» WORK INSTRUCTIONS: Apart from the pictures, every line below is to be set down exactly.

» SUPPLIED MATERIAL:
--- --- ---

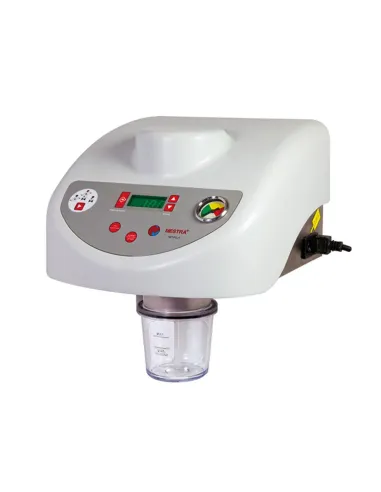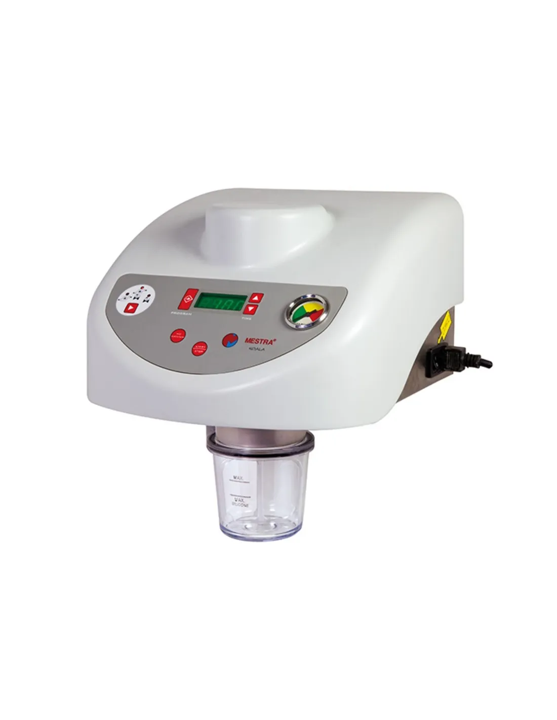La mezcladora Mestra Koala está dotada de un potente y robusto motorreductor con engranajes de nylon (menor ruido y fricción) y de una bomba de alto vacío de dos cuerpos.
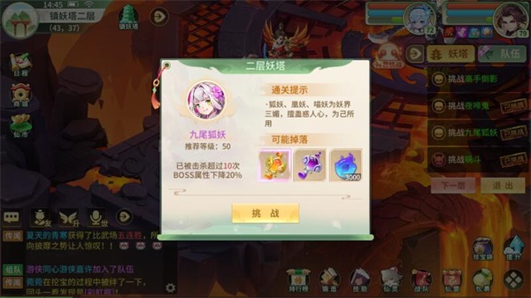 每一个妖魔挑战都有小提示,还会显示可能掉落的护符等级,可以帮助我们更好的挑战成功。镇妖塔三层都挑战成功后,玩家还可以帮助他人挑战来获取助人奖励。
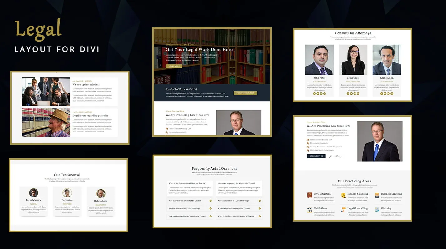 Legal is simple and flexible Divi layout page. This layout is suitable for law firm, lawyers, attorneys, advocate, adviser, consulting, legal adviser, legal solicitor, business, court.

--- --- ---

» OUTPUT OF THE EXERCISE:
La mezcladora Mestra Koala está dotada de un potente y robusto motorreductor con engranajes de nylon (menor ruido y fricción) y de una bomba de alto vacío de dos cuerpos.
 每一个妖魔挑战都有小提示,还会显示可能掉落的护符等级,可以帮助我们更好的挑战成功。镇妖塔三层都挑战成功后,玩家还可以帮助他人挑战来获取助人奖励。
 Legal is simple and flexible Divi layout page. This layout is suitable for law firm, lawyers, attorneys, advocate, adviser, consulting, legal adviser, legal solicitor, business, court.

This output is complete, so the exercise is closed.